Voluma is the first and only hyaluronic acid filler FDA-approved for cheek volume restoration. Results are nearly instantaneous and can last up to 18 months.
Since hyaluronic acids are simple sugars that naturally occur in the body, they are safer and less likely to cause reactions than synthetic fillers.
Voluma uses a technology called Vycross that is a specific process of binding the hyaluronic acids, making it last longer and creating a smoother consistency than other fillers. This allows for its unique use of filling larger areas and such as the cheek region of the face.
What is Voluma?
Voluma is a hyaluronic acid filler used to restore volume loss to the cheek area.
Who makes Voluma?
Allergan, Inc., the company that makes Botox cosmetic.
Are Voluma injections safe?
Yes, although Voluma is the newest filler to the United States market, it has been used in Brazil and Europe for over 5 years. Most patients have few if any side effects.
Are Voluma injections painful?
Voluma generally requires the least amount of injections, which usually has people remarking that it is the least painful.
How long does the procedure take?
After consultation, filler injections typically take 15-30 minutes.
How much recovery time do I need?
No recovery time is needed. However, bruising is a possibility with any injection.
What are the side effects?
Most patients tolerate Voluma well with no side effects. However, risks exist with all medications and procedures. The most common of these side effects include, but are not limited to redness, pain/tenderness, swelling, bruises, discoloration, firmness, lumps/bumps, and itching at the injection site. Please visit Allergan’s website for additional side effects.
Where can Voluma be injected?
Voluma is a hyaluronic acid filler that is usually used in the cheeks, however it may be used in other areas that can be discussed during your FREE consultation.
What can I do to reduce the risk of bruising?
Patients should try to avoid fish oil, flax seed oil, multivitamins, NSAID’s such as Ibuprofen and alcohol (including beer wine and liquor) at least 3 days before injections.
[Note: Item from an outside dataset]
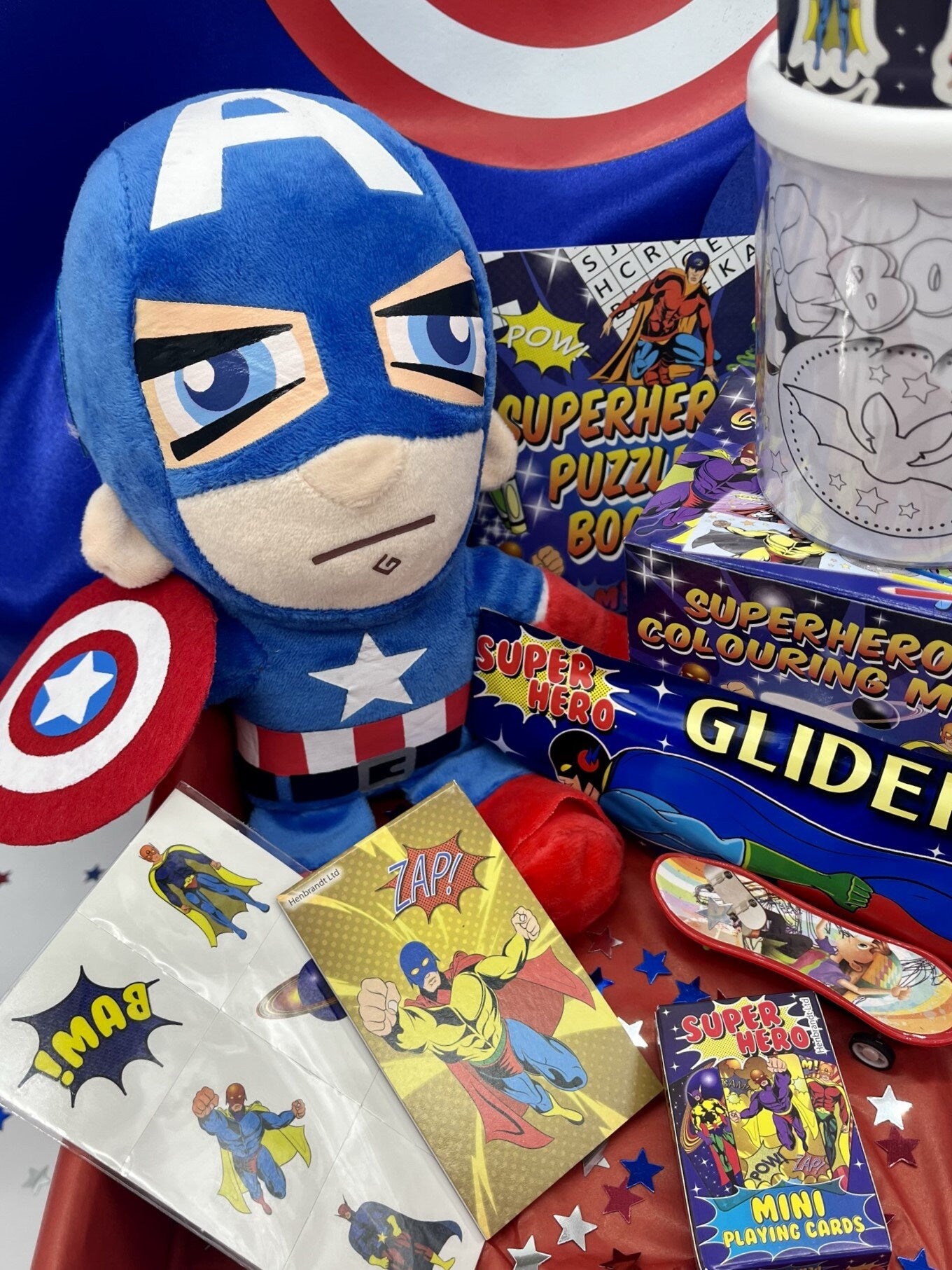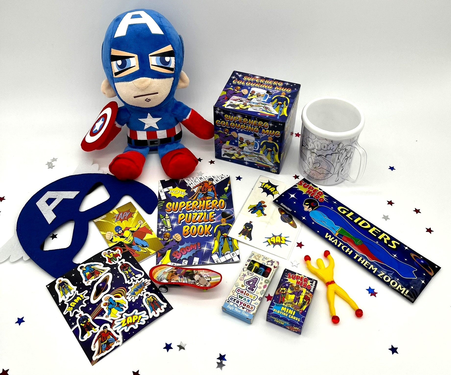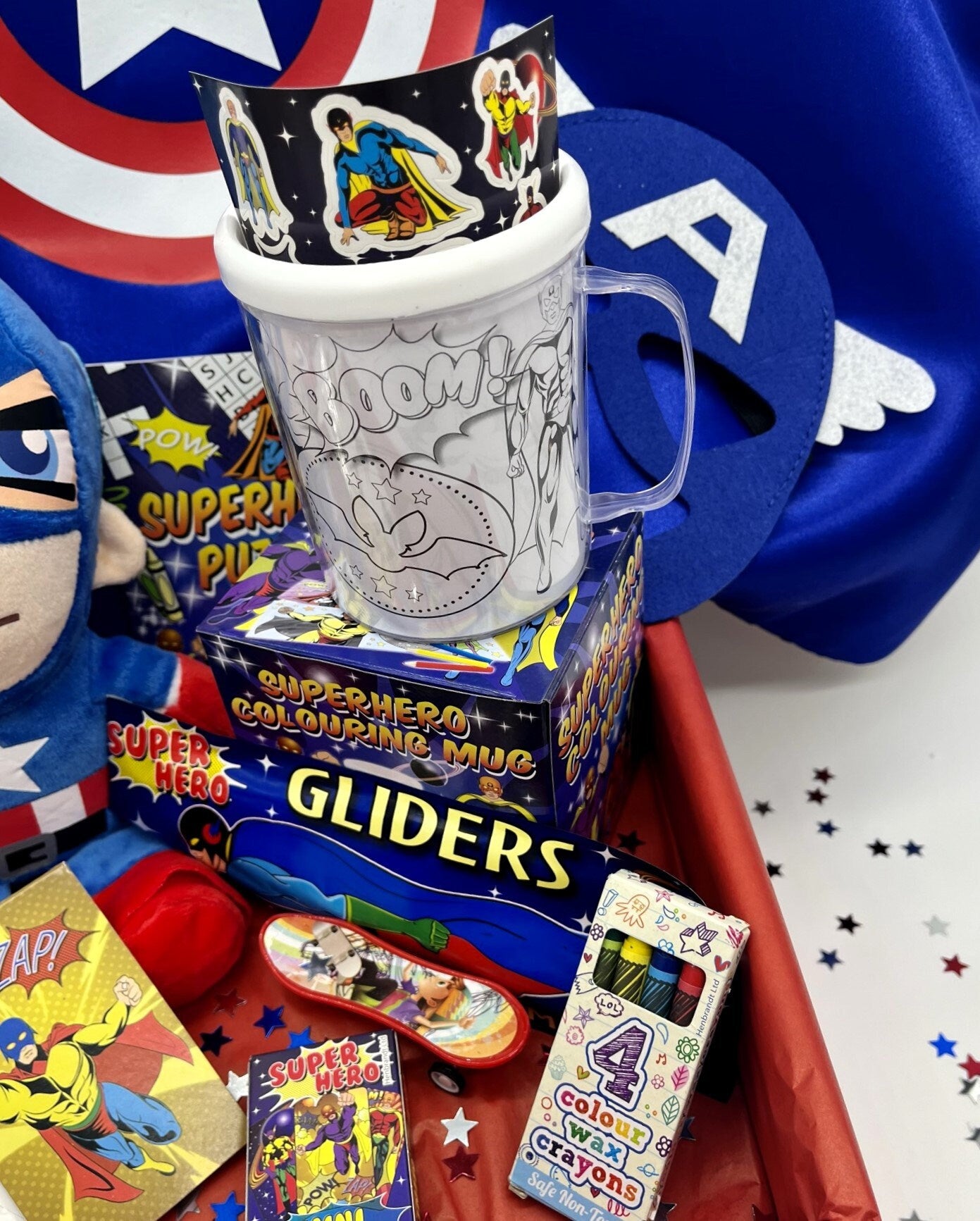 Looking for the ultimate gift for your little superhero? Check out our Superhero Gift Box! It's packed with everything a kid needs to unleash their inner hero. Inside, you'll find a high-quality Superhero Mask and a Luxury Double Sided Cape that's perfect for all sorts of superhero activities. Plus, there's a cuddly Superhero Plush buddy to join in on the adventures. But that's not all – the creativity really flies with our Paint Your Own Mug kit and let's not forget the Stickers and Activity Book that are bursting with fun challenges and puzzles. For the finishing touch, we've included some cool temporary tattoos.

You should consult with your physician about stopping aspirin, coumadin or other blood-thinning medications. These medications increase the risks of bruising and should be stopped about 7 days before your injections if possible.
Some over-the-counter remedies that help reduce bruising in my patients are Arnica Montana and Bromelain. Arnica Montana should be taken at least 2 days before receiving injections. Three tablets are usually placed under the tongue. Bromelain is a substance found in pineapples and helps prevent bruising. Some of my patients eat pineapple or drink pineapple juice 2 days before receiving in injections.
How much does Voluma cost?
This depends on the amount of volume loss and the number of areas treated. The cost starts at $700 for the first syringe. Any additional syringe purchased within one month of the first purchased syringe will be discounted to $600. Patients typically start with two syringes of Voluma.
Any post care instructions?
Avoid drinking alcohol for 24 hours, direct sunlight, excessive heat, strenuous exercise all of which can cause additional bruising.
If you develop a bruise, it will resolve like any other bruise. It is ok to use cold compresses but avoid direct skin contact with ice. Any lumps, bumps, or small puncture marks should subside within a few hours. It is ok to cover the areas with makeup if needed. If you have any questions after your injections, call me with your concerns.
I’m afraid of looking overdone
It is best to take a conservative approach with cheek fillers to give you naturally looking results. Fillers should be used to correct volume and restore youth in the face without appearing unnatural.
What if I don’t like the result?
If you do not like the result, an enzyme can be injected at the site to breakdown Voluma.
DO NOT USE VOLUMA IF:
- You have an active skin injection including cold sores.
- Are pregnant or breast-feeding.
- Have had reactions to Voluma in the past.